Александра сразу поняла, что галерея — любимая комната лорда Эмберли. Она была необычайно красива. Помещение занимало почти все южное крыло здания, одна стена представляла собой ряд высоких сводчатых окон. Потолок и фриз украшены филигранным золотым узором. Но в то же время ничто не отвлекало внимания от самих портретов.

Именно портреты привлекали внимание в этой комнате. На них было представлено все семейство лорда Эмберли, а семья для него — главное в жизни. Александра чувствовала себя незваной гостьей, слушая, с какой любовью и гордостью рассказывает он ей о взирающих на нее с картин незнакомцах.

Ей предстоит стать частью этого семейства, слиться с ним воедино. А ведь некоторым, как ни странно, кажется, что помолвка — это дело одного мужчины и одной женщины. Но стоит этой самой помолвке состояться, как обнаруживается, что в ней замешано огромное количество других людей: ближайшие родственники, тети и дяди, соседи. И даже покойники. Стоит ей произнести перед алтарем «да», и она станет частью этой семьи. Частью этого роскошного семейного древа.

Как случилось, что она ни разу в жизни не задумалась о своем семейном древе? Ее родители никогда не говорили о своих предках. Она не знала никого из своих родственников, за исключением тети Дидры, Альберта и Кэролайн. Семейные узы, традиции, прошлое не имели у них дома никакой ценности. Только Библия да нравственные законы. Поступай так, как должно, избегай плохого — вот и вся жизнь.

— А это мои бабушка и дедушка. — Лорд Эмберли остановился перед двумя портретами в полный рост. — Они здесь очень похожи, хотя во времена моего детства выглядели гораздо старше.

Бабушка, которая любила его ребенком, помогала ему и не ругала, когда он сбегал из детской! Александра с любопытством разглядывала строгую красивую леди в высоком напудренном парике и бальном платье с турнюром.

Вот если бы и у нее была такая бабушка! Позволил бы ей отец заступиться за внучку, если бы Александра решила вдруг нарушить домашние правила? Она не знала своих бабушек и дедушек. Родители матери проживали в Беркшире и никогда не приезжали в Данстейбл-Холл.

— Подойдите к окнам, — раздался у нее за спиной голос лорда Эмберли. — Вероятно, мой рассказ о незнакомых людях утомил вас, Алекс. Но вид отсюда открывается действительно потрясающий.

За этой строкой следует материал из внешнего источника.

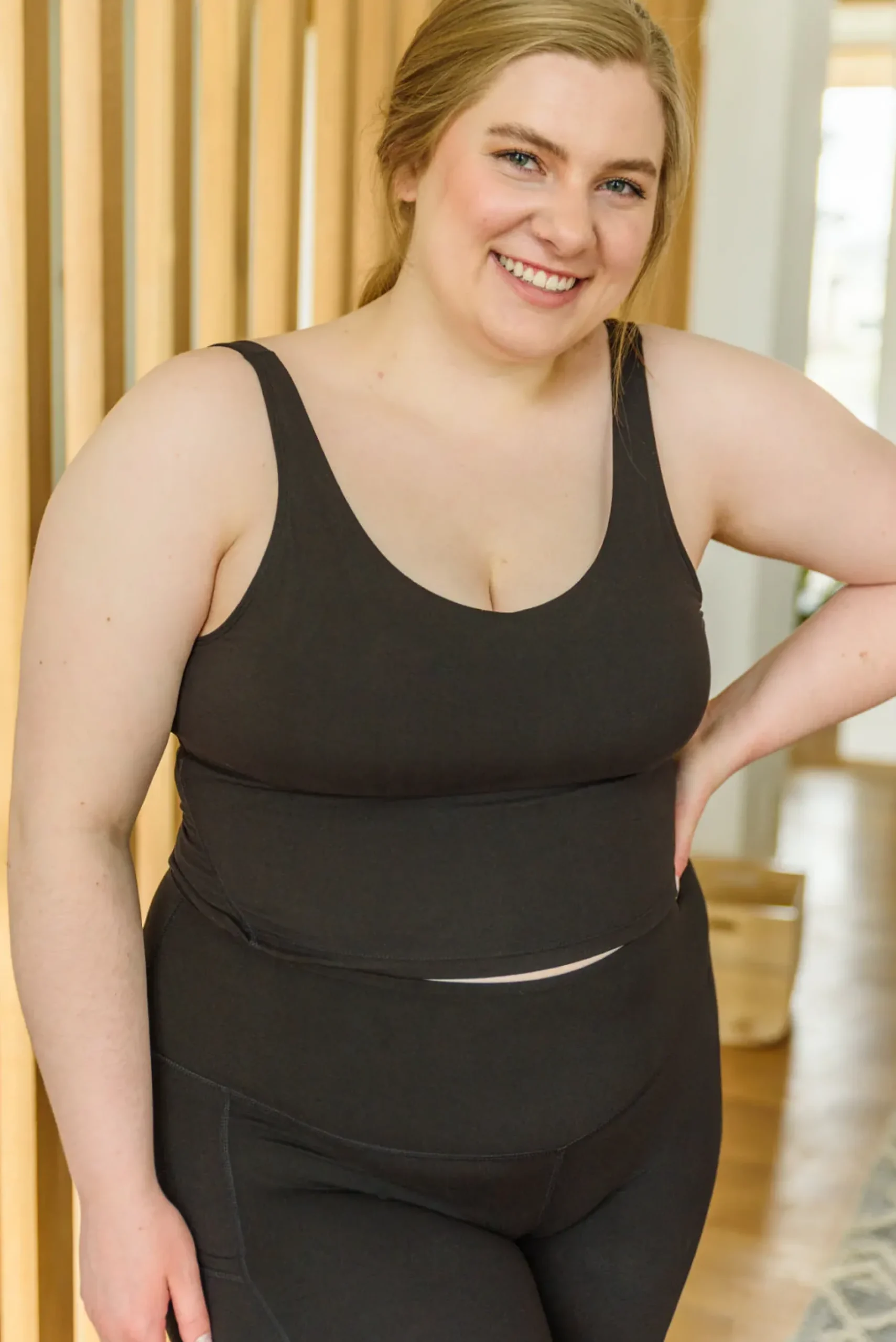 Whatever you’re doing, do it comfortably in the Move With Me Black Tank! This cute tank features a buttery soft fabric, a slight v-neckline, scooped back, and a cropped length that hits right at your waistline. Pair with leggings and sneakers for a casual and comfortable look!

И только тогда Александра вдруг поняла, что за время экскурсии не проронила ни слова. Она с головой ушла в свои печальные мысли и не заметила этого. Она все еще пребывала в мире музыки, пока лорд Эмберли не смутил ее своими вопросами, ненароком подслушав,

— Я молчала вовсе не потому, что мне скучно, — возразила Александра. — Мне понравилась эта комната, Эдмунд. Меня так и подмывает сказать, что она милая. — Она улыбнулась и покраснела. — И портреты очень понравились. Меня всегда завораживают работы других людей.

Они подошли к окнам.

— Отсюда видно то место, куда вы ездили два дня назад, — улыбнулся граф. — Не сам берег моря, а долину. Мне нравится смотреть отсюда на холмы. Словно в вечность заглядываешь. Хорошее место для семейной галереи.

— Это часовня? — Александра показала на небольшое здание неподалеку от дома, на склоне холма.

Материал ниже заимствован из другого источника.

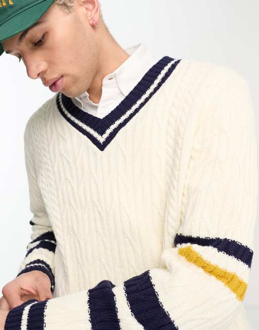 ASOS DESIGN - Gebreide cricket-trui met veelkleurige strepen in beige

— Да. Сейчас мы туда уже не успеем сходить, Алекс, но мне очень хотелось бы, чтобы вы взглянули на нее. Она маленькая, и в ней царят мир и покой. Разве неудивительно, как в некоторых зданиях ощущается присутствие Бога?

— Ею пользуются?

— Во времена моего деда и отца ее открывали каждое утро, — ответил лорд Эмберли. — При звуках колокола слугам надлежало бросить все свои дела и собраться на молитву. Я отменил это правило через два года после вступления в титул.

— Почему? Неужели вы не чувствуете ответственности за духовное воспитание ваших подданных?

— Нет, — последовал ошеломляющий ответ. — Духовное воспитание — личное дело каждого. Я могу заставить своих слуг ходить в часовню и возносить молитвы Всевышнему. Но станут ли они от этого ближе к Богу? Сильно сомневаюсь. Я дал понять, что каждый в этом доме, начиная с меня самого и до последней посудомойки, может приходить в часовню в любое время дня и ночи. И надо сказать, что время от времени я встречаю там своих слуг.

— Отец вряд ли согласился бы с вами, — сказала Александра.

— А вы?

— Не знаю. Несмотря на то что в нашем доме, где все были религиозны, молитвы продолжались часами, я не стала чувствовать себя ближе к Богу. Да и не слишком стремлюсь к этому. Я никогда не буду достойна Бога.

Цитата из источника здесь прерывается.